Anna has 12 bills in her wallet, some $5 and some $10. The total value of the bills is $100. HOw many of each bill odes Anna have?

How do i solve these type of problems my quess was this but i don't know if i'm correct.

5(x) + 10(y) = 100
5(0) + 10y = 100
10y = 100
--- ---
10 10

y = 10

5(x) + 10(10) = 100
5x + 100 = 100
-100 -100

5x = 0
--- ---
5 5

x = 0

to check is :

5(0) + 10(10) = 100
0 + 100 = 100
100 = 100

you have the intercepts ok.

but its asking about how many of each so is my answer correct or what am i doing wrong.

5(x)+10(12-x)=100

5x+120-10x=100
-5x=-20
5x=20
x=4(no of 5dollar bills)
12-4=8(no of10dollar bills)

Your approach to solving the problem is correct, but there is a mistake in your calculations. Let's go through the problem step by step and correct it.

Let's define:
x = the number of $5 bills
y = the number of $10 bills

The total number of bills is given as 12. Therefore, we have our first equation:
x + y = 12

The total value of the bills is $100. We can represent this using the equation:
5x + 10y = 100

Now, we have a system of two equations that we can solve simultaneously to find the values of x and y.

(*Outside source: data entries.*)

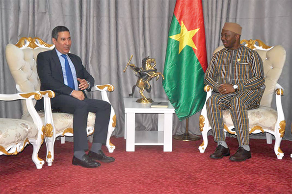 Le Royaume du Maroc veut renforcer ses relations diplomatiques avec le pays des Hommes intègres. C’est ce qu’à fait savoir son ambassadeur, en poste au Burkina Faso, Youssef Slaoui, à l’issue d’une audience avec le Président de l’Assemblée législative de Transition (ALT), Ousmane Bougouma, dans la matinée du jeudi 27 avril 2023. En effet, le diplomate marocain a signifié, à sa sortie d’audience, que cette visite chez le chef du parlement burkinabè avait pour but de faire le point de l’état d’avancement de la coopération bilatérale entre les deux pays et de discuter des perspectives. Youssef Slaoui a souligné que les relations historiques et profondes entre le Royaume du Maroc et le Burkina Faso sont excellentes et devront se renforcer au bénéfice de tous. Cela, a-t-il indiqué, à travers la diplomatie parlementaire qui constitue, selon lui, un pilier dans les relations entre les deux états. Pour l’ambassadeur marocain, cette audience avec Ousmane Bougouma a aussi été une occasion pour lui d’évoquer les opportunités et les moyens qui permettront d’appuyer l’ALT afin de faire avancer les relations diplomatiques à travers la diplomatie parlementaire. Il a exprimé sa satisfaction pour la suppression des visas entre les deux pays, à la suite de l’accord signé à Dakhla le 23 Octobre 2020, afin de favoriser la libre circulation des capitaux et des biens et services. « Cette initiative constitue un acte très symbolique en termes d’intégration sous régionale. Car cette intégration commence d’abord par la liberté de circuler des peuples », a déclaré Youssef Slaoui.
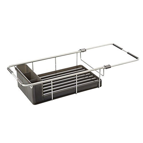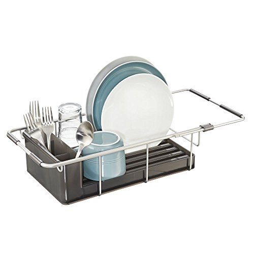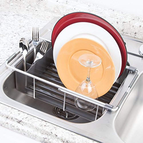 InterDesign Metro Rustproof Aluminum Over-the-Sink Dish Drainer Rack for Drying Glasses, Silverware, Bowls, Plates - Silver/Smoke
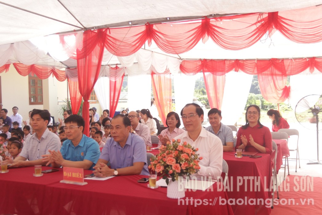 Các đại biểu tham dự buổi tặng quà tại Trường Tiểu học Thạch Đạn, xã Cao Lộc
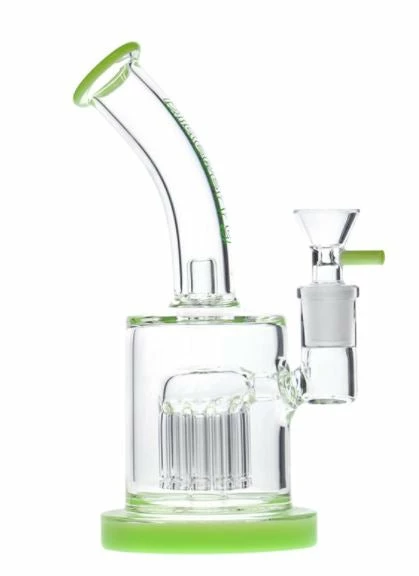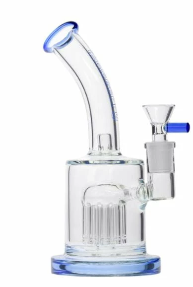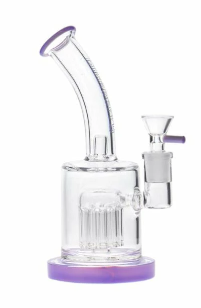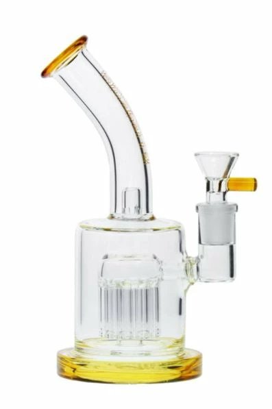 This cute bubbler features a tree percolator with 10 arms and a splash guard at the base of the tube to prevent water from exiting the mouthpiece. Although it is a small handy little piece, it is packed full of filtration. Watch all the aeration take place to give you a toke smooth as a baby’s bottom. It is equipped with a narrow handle flower bowl.
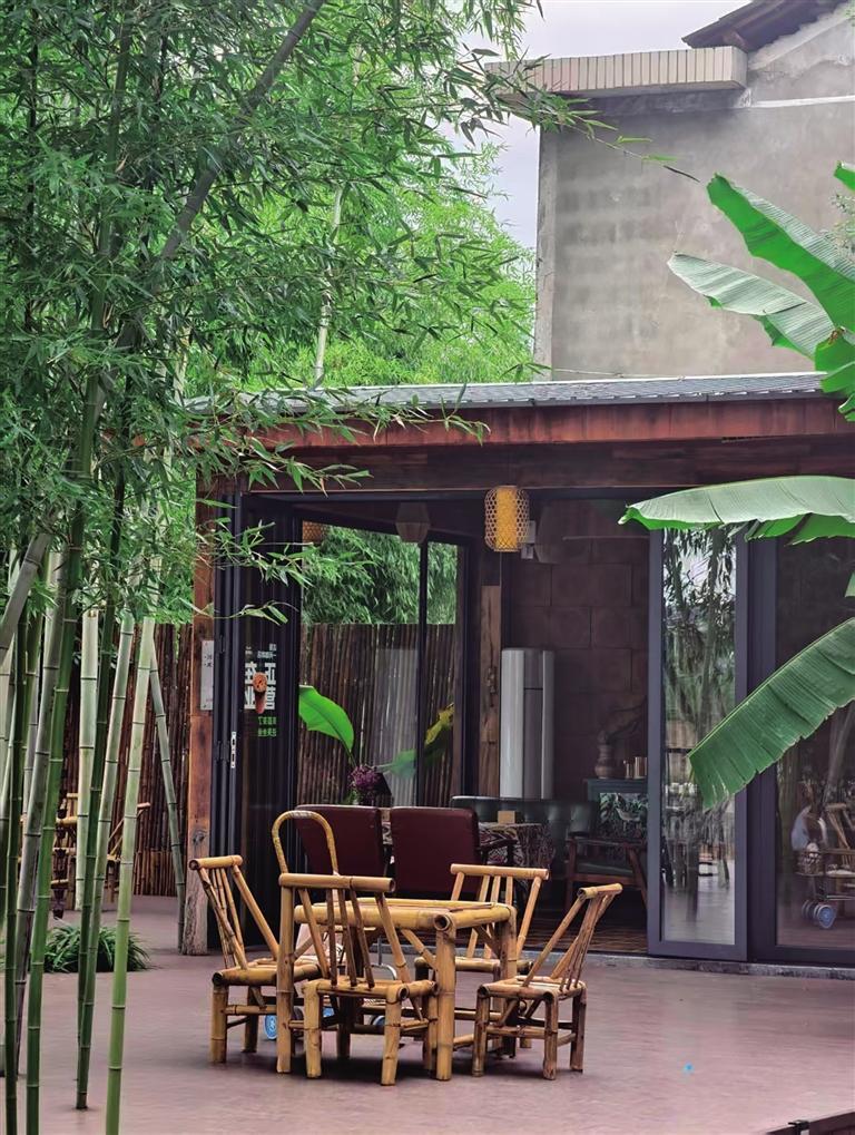 踏入院落,先要经过一段竹林幽径,方能窥见全貌,蓦然间便生出“陶然共忘机”的心境。竹丛从木质地板里冒出来,成簇的被修剪后用竹篱笆圈护,单株的自在生长;竹编桌椅错落摆放在竹丛中,显得格外幽雅、韵致。阳光穿过竹叶,在叶面上跳荡着嫩绿光点,在林间投下斑驳光影。一位女孩在桌边饮茶,翠绿茶叶浮在透明杯中,香气自杯口袅袅升起;和弦风铃挂在林间,奏着淡雅清新的歌谣,高高低低、清脆悦耳。
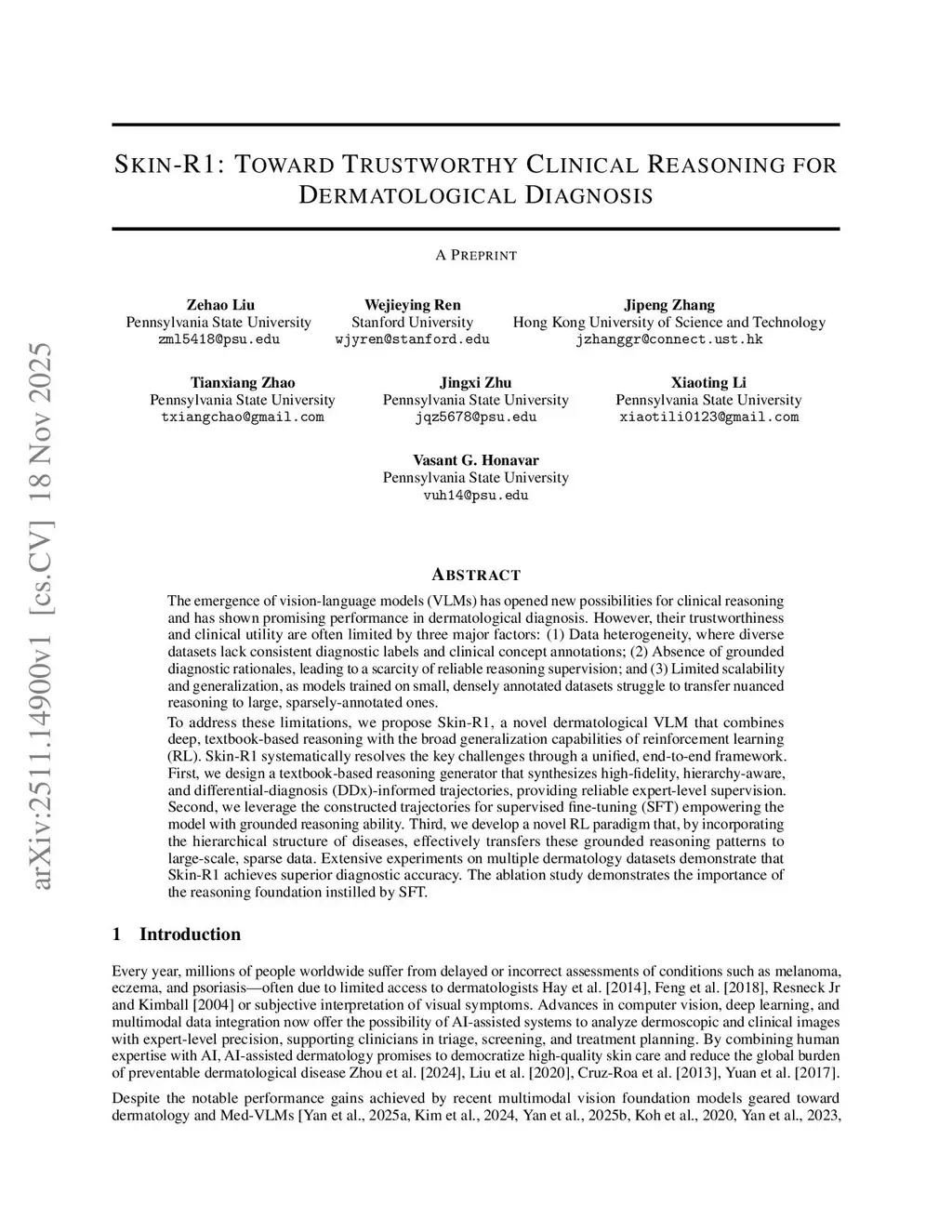 The emergence of vision-language models (VLMs) has opened new possibilities for clinical reasoning and has shown promising performance in dermatological diagnosis. However, their trustworthiness and clinical utility are often limited by three major factors: (1) Data heterogeneity, where diverse datasets lack consistent diagnostic labels and clinical concept annotations; (2) Absence of grounded diagnostic rationales, leading to a scarcity of reliable reasoning supervision; and (3) Limited scalability and generalization, as models trained on small, densely annotated datasets struggle to transfer nuanced reasoning to large, sparsely-annotated ones.To address these limitations, we propose SkinR1, a novel dermatological VLM that combines deep, textbook-based reasoning with the broad generalization capabilities of reinforcement learning (RL). SkinR1 systematically resolves the key challenges through a unified, end-to-end framework. First, we design a textbook-based reasoning generator that synthesizes high-fidelity, hierarchy-aware, and differential-diagnosis (DDx)-informed trajectories, providing reliable expert-level supervision. Second, we leverage the constructed trajectories for supervised fine-tuning (SFT) empowering the model with grounded reasoning ability. Third, we develop a novel RL paradigm that, by incorporating the hierarchical structure of diseases, effectively transfers these grounded reasoning patterns to large-scale, sparse data. Extensive experiments on multiple dermatology datasets demonstrate that SkinR1 achieves superior diagnostic accuracy. The ablation study demonstrates the importance of the reasoning foundation instilled by SFT.
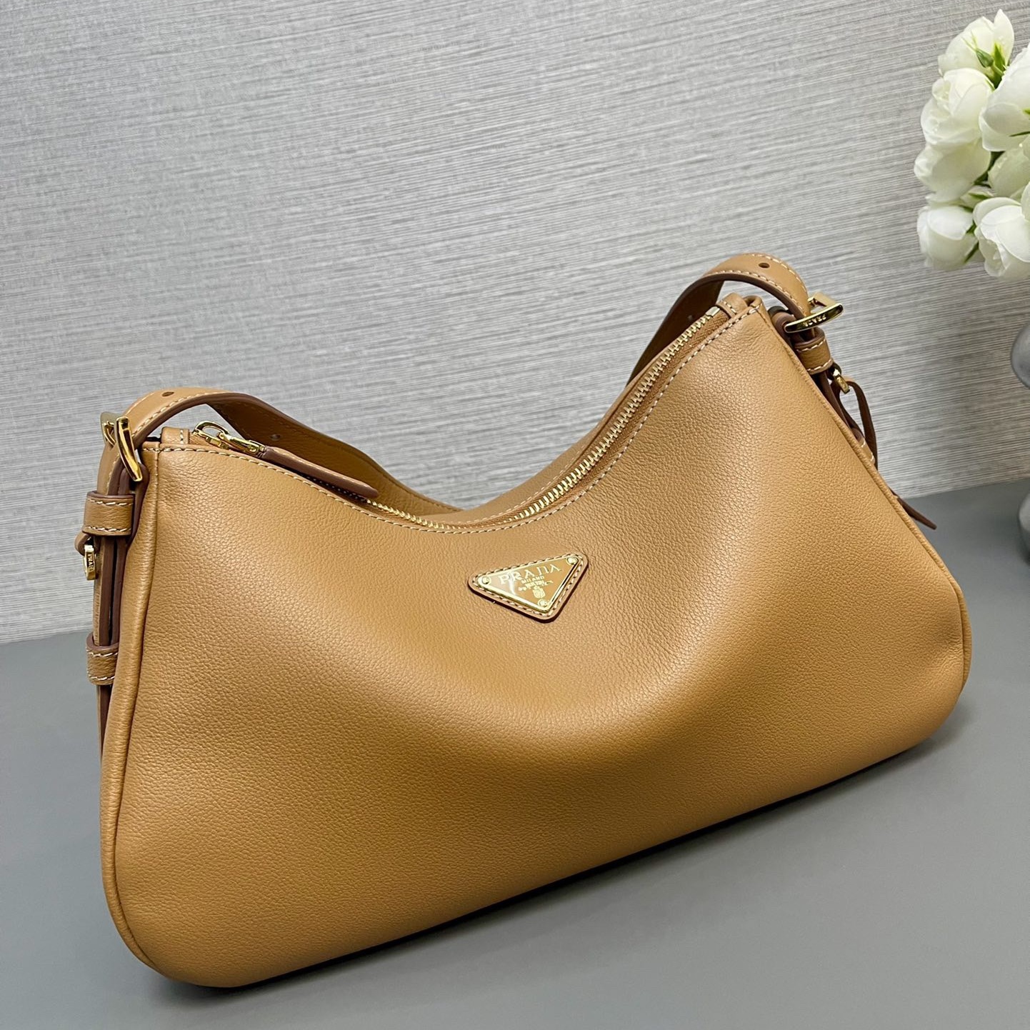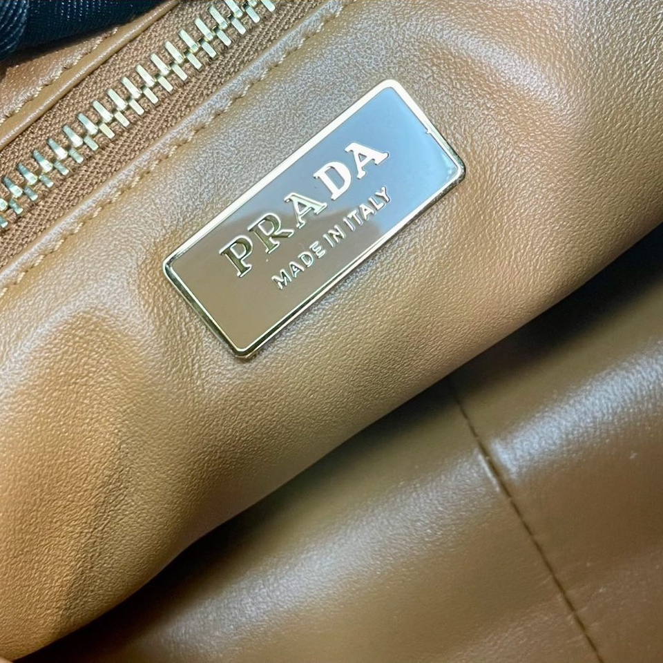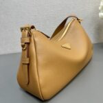 The sophisticated minimalism of the '90s inspires the new Prada Aimée bag. portrayed in the Fall/Winter 2024 Campaign. The design evokes the instinctive gesture of holding a bag with its soft silhouette. created for effortless wear on the shoulders or cross-body.
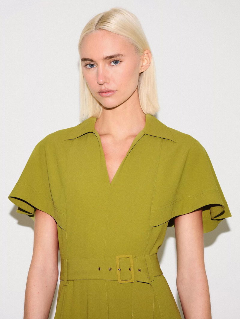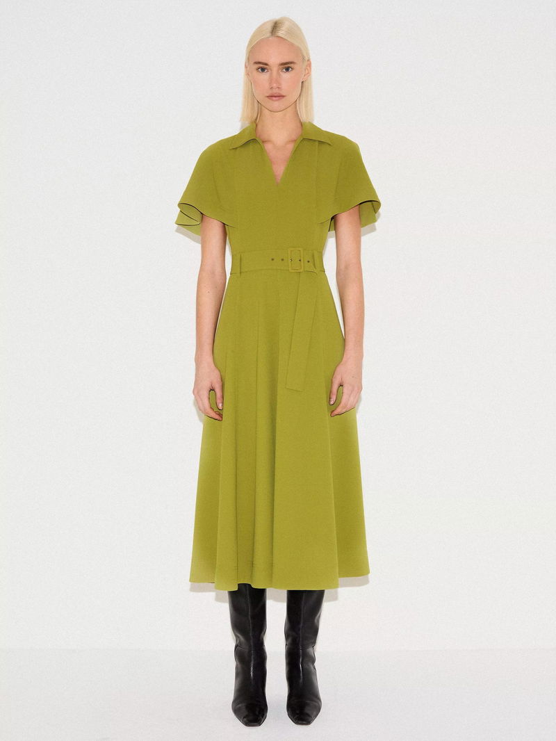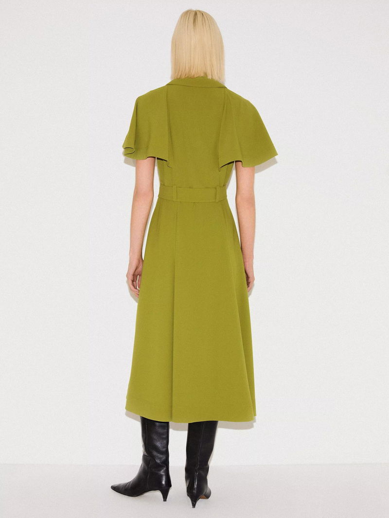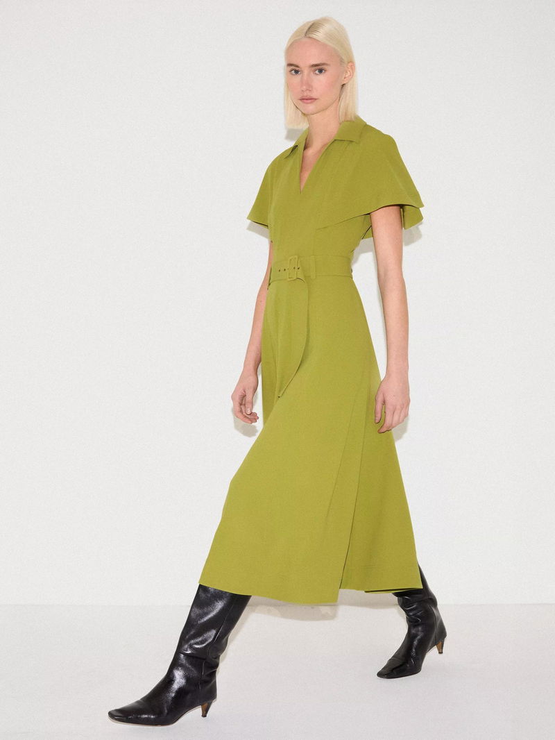 A contemporary update to the classic shirt dress, this piece features dramatic cape sleeves and a belted waist for a flattering silhouette.
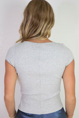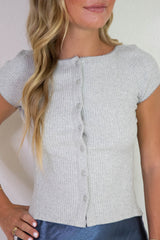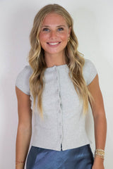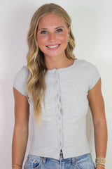 This playful cardigan features a charming button front and a flattering boat neck that adds a touch of elegance. Short cap sleeves and scalloped lace trim bring a delicate, feminine vibe, while seam details enhance its shape. Crafted from soft ribbed knit fabric, it’s perfect for layering with a fun, flirty twist!
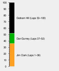 | 3 | 11 | Lotus-Climax | 97 | + 3 laps | 6 | 4 | |
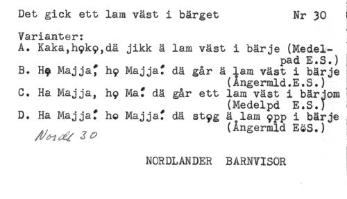 //// Det gick ett lam väst i bärget Nr 30 ! //// i //// i //// < //// Varianter: //// A. Kaka,hyky,dä jikk ä lam väst i bärje (Medel- //// pad E.S.) //// B. H? Majja^ hy Majja? dä går ä lam väst i bärje //// (Angermld.E.S.) //// C. Ha Majja, hy Maf dä går ett lam väst i bärjom //// (Medelpd E.S.) //// D. Ha Maj jaf ho Majjaf dä styg ä lam ypp i bärje //// (AngermldEöS.) //// NORDLANDER BARNVISOR ////
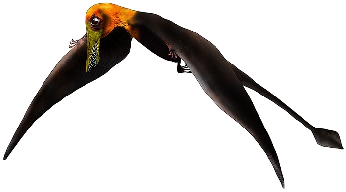 Una cola alargada terminada en una punta con forma de rombo y dientes puntiagudos dirigidos hacia el frente son algunas de las peculiares características de los ranforrincos, un tipo de pterosaurio encontrado cerca de la ciudad de Calama y que habitó el megacontinente Gondwana hace unos 160 millones de años.
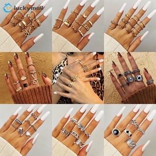 Set nhẫn bướm rắn hình học vàng thời trang cá tính retro
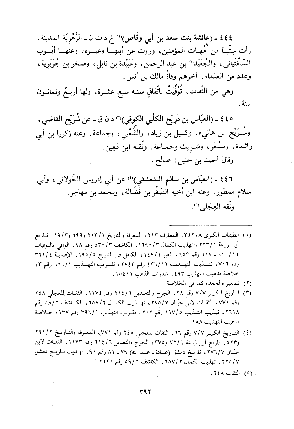[4] التاريخ الكبير 7/ 7 رقم 26، الثقات للعجلي 248 رقم 771، المعرفة والتاريخ 2/ 291 و 523، تاريخ أبي زرعة 1/ 72 و 375، الجرح والتعديل 6/ 214 رقم 1173، الثقات لابن حبّان 7/ 276، تاريخ دمشق (عبادة- عبد الله) 79- 81 رقم 90، تهذيب تاريخ دمشق 7/ 225، تهذيب الكمال 2/ 657، الكاشف 2/ 59 رقم 2620.
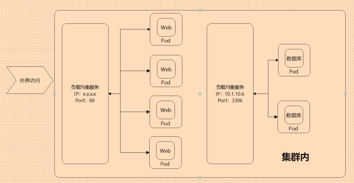 如果是一个较大的网站,网站使用了多个微服务,则前端更可能放到一个 Pod 中,用户访问前端页面,然后前端根据访问的模块,自动访问不同的服务。
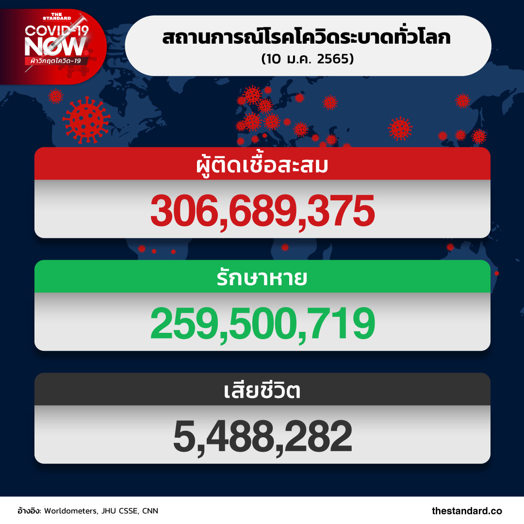 วันนี้ (10 มกราคม) ยอดผู้ติดโควิดสะสมพุ่งสูงกว่า 306 ล้านรายทั่วโลก หลังการแพร่ระบาดผ่านมานานกว่า 2 ปีแล้ว ยอดผู้เสียชีวิตสูงกว่า 5.48 ล้านราย อัตราเสียชีวิตอยู่ที่ราว 2% รักษาหายแล้วราว 90% ของผู้ติดเชื้อทั้งหมด ขณะนี้มีประเทศที่พบผู้ติดเชื้อแล้ว 189 จาก 193 ประเทศทั่วโลก โดยประเทศที่ยังไม่พบผู้ติดเชื้อรายแรกอย่างเป็นทางการ ได้แก่ เกาหลีเหนือ เติร์กเมนิสถาน ตูวาลู และนาอูรู
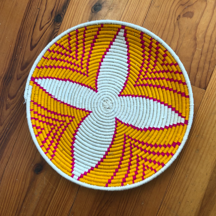 Deze platte schaal is handgemaakt door vrouwen uit Marokko. Door de huidige crisis is hete leven erg zwaar in Marokko en alle beetjes helpen. Met de aanschaf van deze schaal zorg jij voor een eerlijk inkomen in  een Marokkaans gezin.
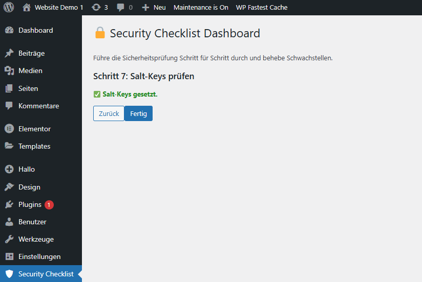 Überprüfung der Salt-Keys: Kontrolliert, ob in der wp-config.php individuelle Sicherheitsschlüssel hinterlegt sind.
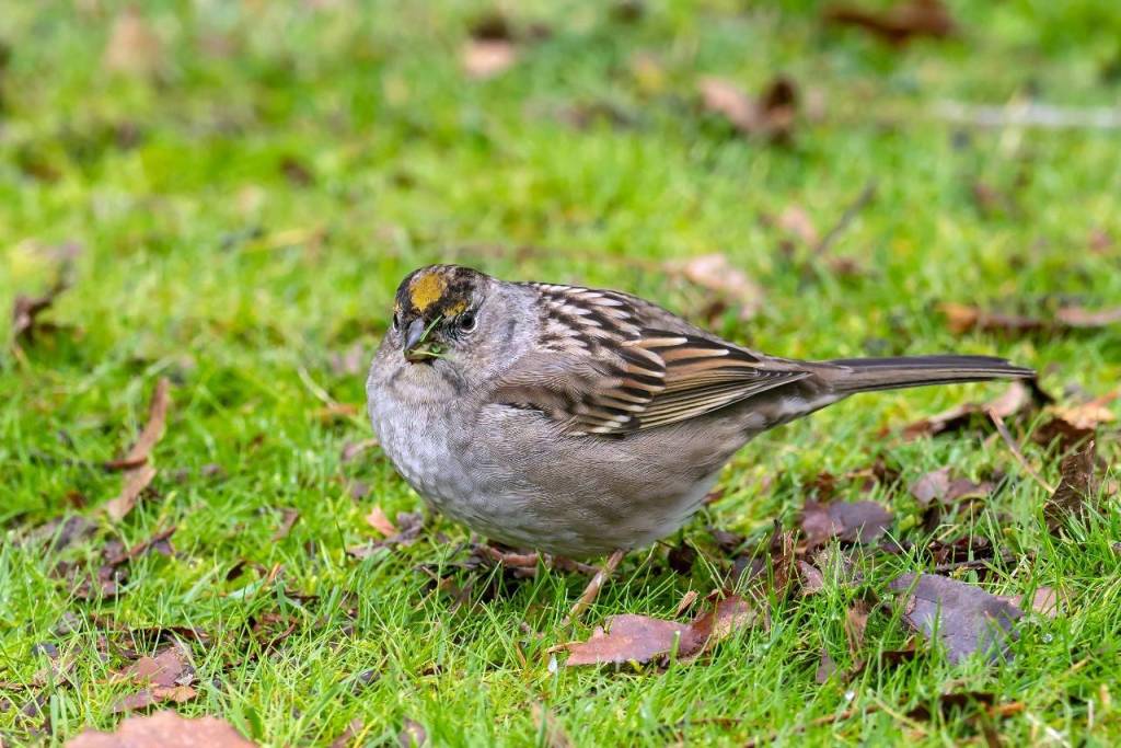 Behavior: Golden-crowned Sparrows feed on the ground or in low brush. In migration and winter they can be found feeding on the ground in the open in mixed flocks containing towhees, White-crowned Sparrows and finches and retreat to the bushes when disturbed. They often perch higher to deliver their mournful-sounding song.

One way to solve this system of equations is by substitution.

From the first equation, we can solve for x in terms of y:
x = 12 - y

Substituting this expression for x into the second equation, we get:
5(12 - y) + 10y = 100

Distributing the 5, we have:
60 - 5y + 10y = 100

Combining like terms:
5y = 40

Dividing both sides by 5, we get:
y = 8

Now, substitute this value of y back into the first equation to find x:
x + 8 = 12
x = 4

Therefore, Anna has 4 $5 bills and 8 $10 bills.

To check if these values are correct, we can substitute them into the original equations:
4 + 8 = 12 (correct)
5(4) + 10(8) = 100 (correct)

So, your final answer is x = 4, y = 8.

In summary, your approach was correct, but there was an error in your calculations. By solving the system of equations correctly, you determined that Anna has 4 $5 bills and 8 $10 bills.